Watch this space: July was a tough month for employers as Covid-19 cases shot up in Sun Belt states and federal funds for businesses began to dry up. Though most economists believe the pace of the jobs recovery slowed in July, some say it reversed.
Lydia Boussour, senior US economist at Oxford Economics, said she expects Friday's report to show a loss of 280,000 jobs, rather than a gain. That would signal even more clearly that the foundations of the recovery are cracking.
There have been warning signs that July's numbers could disappoint. The ADP report on private payrolls released Wednesday, which is often used as a barometer for the official government report, showed only 167,000 jobs added in July, compared with 1.5 million expected. And initial claims for unemployment benefits ticked up around mid-July, putting an end to four months of declines.
But first-time claims for the week ending August 1 decreased again, hitting their lowest level since March. That's muddied the picture.
"July is so uncertain because some areas, some sectors continued to reopen in the early part of the month, and then things started to change," said Jeanette Garretty, chief economist at Robertson Stephens Wealth Management.
Uber's delivery service is bigger than its rides business
As the pandemic brought its ride hailing business to a halt, Uber's delivery service took on new importance. Now, it's Uber's biggest source of revenue, my CNN Business colleague Sara Ashley O'Brien reports.
Revenue from Eats reached $1.2 billion in the second quarter, double a year earlier, the company reported Thursday. Meanwhile, Uber's Rides business revenue plummeted 67% to $790 million.
"Our delivery business alone is now as big as our Rides business was when I joined the company in 2017," CEO Dara Khosrowshahi said on a call to discuss the results. "We've essentially built a second Uber in under three years."
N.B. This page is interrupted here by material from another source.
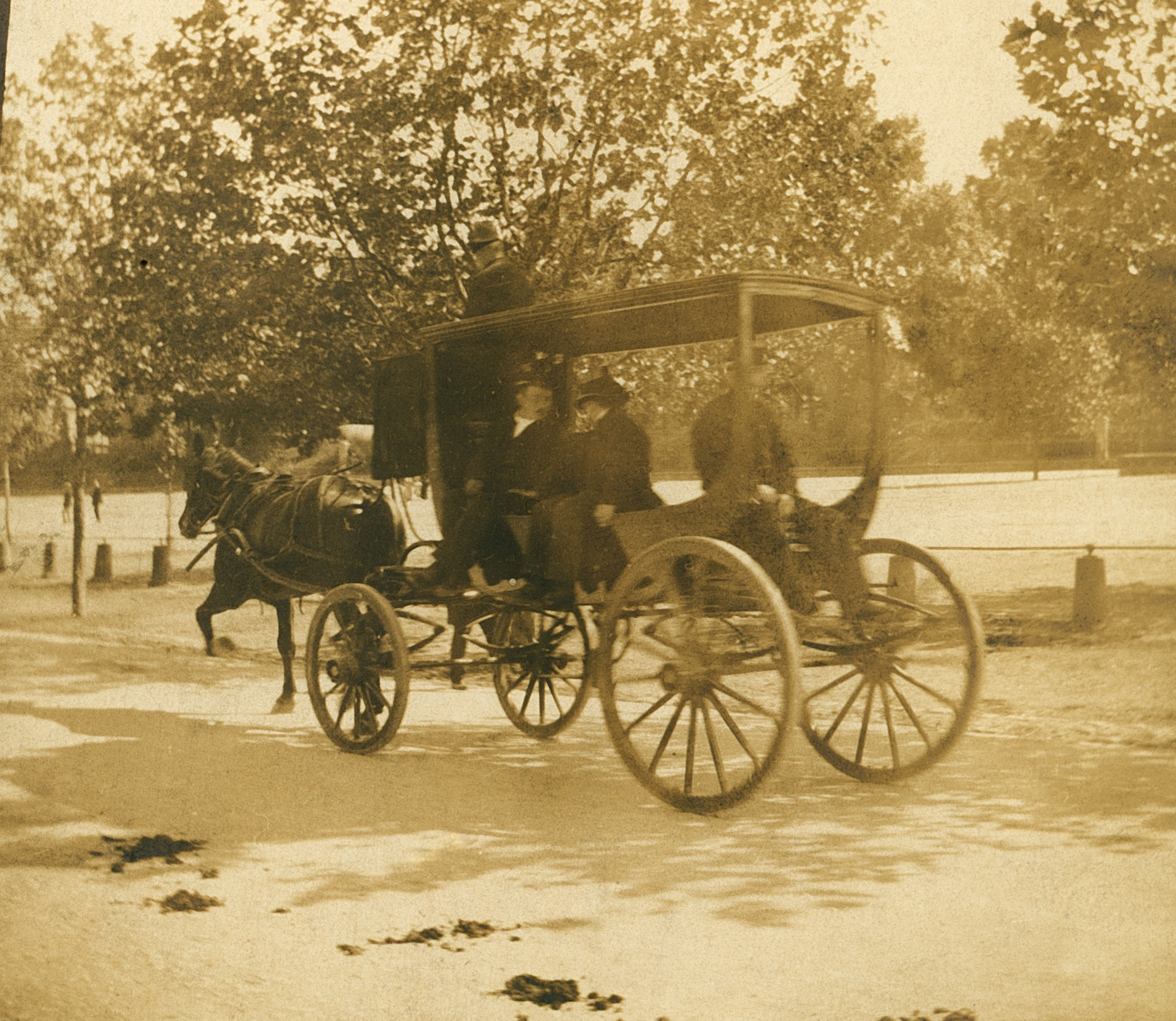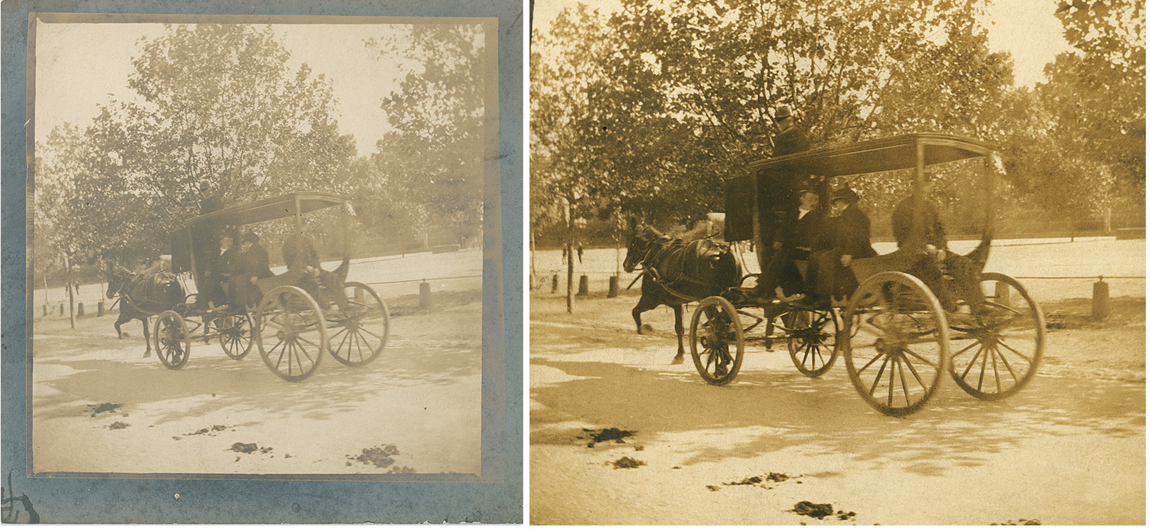 As an experiment, I spent ten minutes in Photoshop cleaning the image; mostly to remove more objectionable dust, damage and artifacts. Here’s the result. Note, that we see all four men in the carriage (one is on top). Plus, two children playing in the park on the left. And, it seems like the man on the right may be sitting on the casket.

That said: Uber lost $1.8 billion during the second quarter, adding to its long history of steep losses.
That's due in part to nearly $400 million in restructuring costs. The company cut roughly 25% of its workforce, or 6,700 employees, as it grappled with pressure from the pandemic.
Investor insight: The results sent Uber shares down 3.5% in premarket trading, though Uber's focus on food delivery — including its $2.65 billion purchase of Postmates announced last month — has helped prop up its stock price this year.
The US jobs report for July posts at 8:30 a.m. ET.